BRIEF DESCRIPTION OF THE DRAWINGS
[0015] FIG. 1 shows a schematic, not to scale, view of an overall
broad conception for a laser-produced plasma EUV light source
system according to an aspect of the present invention.
[0016] FIG. 2 is a scanning electron microscope photograph of the
collector surface damage.
[0017] FIG. 3 is transmission electron microscope photograph of
collector surface damage.
[0018] FIG. 4 is flow chart showing the steps of a process for
cleaning and repairing the collector 30 of FIG. 1.
[0019] FIG. 5.1 is a schematic of one embodiment of an arrangement
for repair of the collector 30 of FIG. 1.
DETAILED DESCRIPTION
[0020] Various embodiments are now described with reference to the
drawings, wherein like reference numerals are used to refer to like
elements throughout. In the following description, for purposes of
explanation, numerous specific details are set forth in order to
promote a thorough understanding of one or more embodiments. It may
be evident in some or all instances, however, that any embodiment
described below can be practiced without adopting the specific
design details described below. In other instances, well-known
structures and devices are shown in block diagram form in order to
facilitate description of one or more embodiments.
[0021] With initial reference to FIG. 1 there is shown a schematic
view of an exemplary EUV light source, e.g., a laser produced
plasma EUV light source 20 according to one aspect of an embodiment
of the present invention. As shown, the EUV light source 20 may
include a pulsed or continuous laser source 22, which may for
example be a pulsed gas discharge CO.sub.2 laser source producing
radiation at 10.6 .mu.m. The pulsed gas discharge CO.sub.2 laser
source may have DC or RF excitation operating at high power and
high pulse repetition rate.
[0022] The EUV light source 20 also includes a target delivery
system 24 for delivering target material in the form of liquid
droplets or a continuous liquid stream. The target material may be
made up of tin or a tin compound, although other materials could be
used. The target delivery system 24 introduces the target material
into the interior of a chamber 26 to an irradiation region 28 where
the target material may be irradiated to produce plasma. In some
cases, an electrical charge is placed on the target material to
permit the target material to be steered toward or away from the
irradiation region 28. It should be noted that as used herein an
irradiation region is a region where target material irradiation
may occur, and is an irradiation region even at times when no
irradiation is actually occurring.
[0023] Continuing with FIG. 1, the light source 20 may also include
one or more optical elements such as a collector 30. The collector
30 may be a normal incidence reflector, for example, implemented as
an MLM, that is, a SiC substrate coated with a Mo/Si multilayer
with additional thin barrier layers deposited at each interface to
effectively block thermally-induced interlayer diffusion. Other
substrate materials, such as Al or Si, can also be used. The
collector 30 may be in the form of a prolate ellipsoid, with an
aperture to allow the laser light to pass through and reach the
irradiation region 28. The collector 30 may be, e.g., in the shape
of a ellipsoid that has a first focus at the irradiation region 28
and a second focus at a so-called intermediate point 40 (also
called the intermediate focus 40) where the EUV light may be output
from the EUV light source 20 and input to, e.g., an integrated
circuit lithography tool 50 which uses the light, for example, to
process a silicon wafer workpiece 52 in a known manner. The silicon
wafer workpiece 52 is then additionally processed in a known manner
to obtain an integrated circuit device.
[0024] As described above, one of the technical challenges in the
design of an optical element such as the collector 30 is extending
its lifetime. The surface of the collector, which is usually a
coating, becomes contaminated with source material, e.g., tin.
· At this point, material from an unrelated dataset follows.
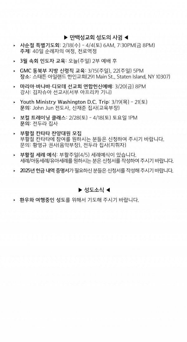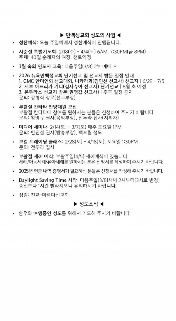 [교회소식] 2026년 3월 1일 뉴욕 만백성교회 성도의 사귐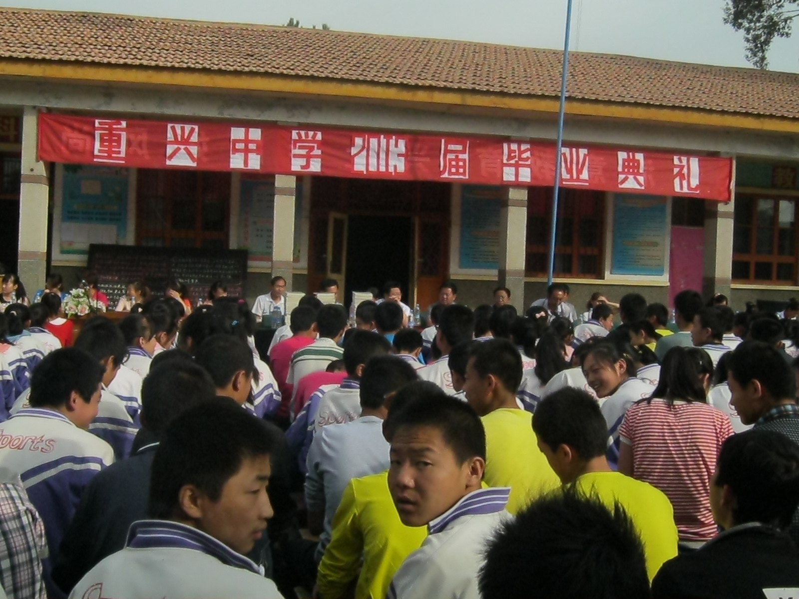 今天是星期五,老师一早就通知我们参加2013届九年级毕业典礼,我们兴奋的带着凳子来到了这壮观的场面。看,毕业典礼马上就要开始了,同学们已经坐好了,正在议论纷纷,期待着毕业典礼的开始。

In-situ cleaning using hydrogen radicals in a known manner can be
used to remove this contamination from the collector surface.
In-situ collector cleaning is very desirable because it
dramatically reduces both tool downtime and the expense of
collector replacement. Hydrogen radical-based cleaning does not,
however, repair damage to the collector surface. This type of
damage can be quite severe, as can be seen in FIGS. 2 and 3, which
are a scanning electron microscope photograph and a transmission
electron microscope photograph, respectively, of collector surface
damage.
[0025] Thus, the surface damage of the collector coating is still
present after cleaning has been performed. This surface damage can
lead to accelerated degradation of collector reflectivity after the
cleaning. In order to improve collector lifetime after cleaning so
that reflectivity approaches that of a new collector, the collector
surface damage needs to be repaired in-situ. As used herein,
"repair" and its cognates refer to removing some or all of the
collector material that has been damaged by exposure to the
conditions in the chamber environment.
[0026] To achieve this end, in one embodiment, the present
invention is a method of in-situ cleaning and repairing of a
collector surface. The method will now be described in conjunction
with FIG. 4, which is a flowchart of one embodiment of the method.
In the method shown in FIG. 4 a specific source material, tin, is
referenced, but it will be understood by one of ordinary skill in
the art that the method is equally applicable to systems in which
another type of source material is used.
[0027] In a first step S1 the system is cleaned using a prior art
hydrogen radical-based technique or any other suitable technique.
The cleaning step Si is carried out until it is determined in step
S2 that a predetermined amount, e.g., preferably substantially all,
of the tin has been removed. The determination on whether enough
tin has been removed can be made using any desirable method. For
example, the completion of step Si can be determined by
measurement, for example, by measuring the amount of residual tin,
or simply continuing to perform step S1 for an amount of time that
has been determined to be sufficient to remove enough of the tin
residue.
[0028] Once it is determined in step S2 that enough of the tin has
been removed from the collector surface, an ion source or gun such
as ion gun 100 as shown in FIG. 5 is introduced into the vacuum
chamber 26 in step S3. As used herein, "ion source" or "ion gun"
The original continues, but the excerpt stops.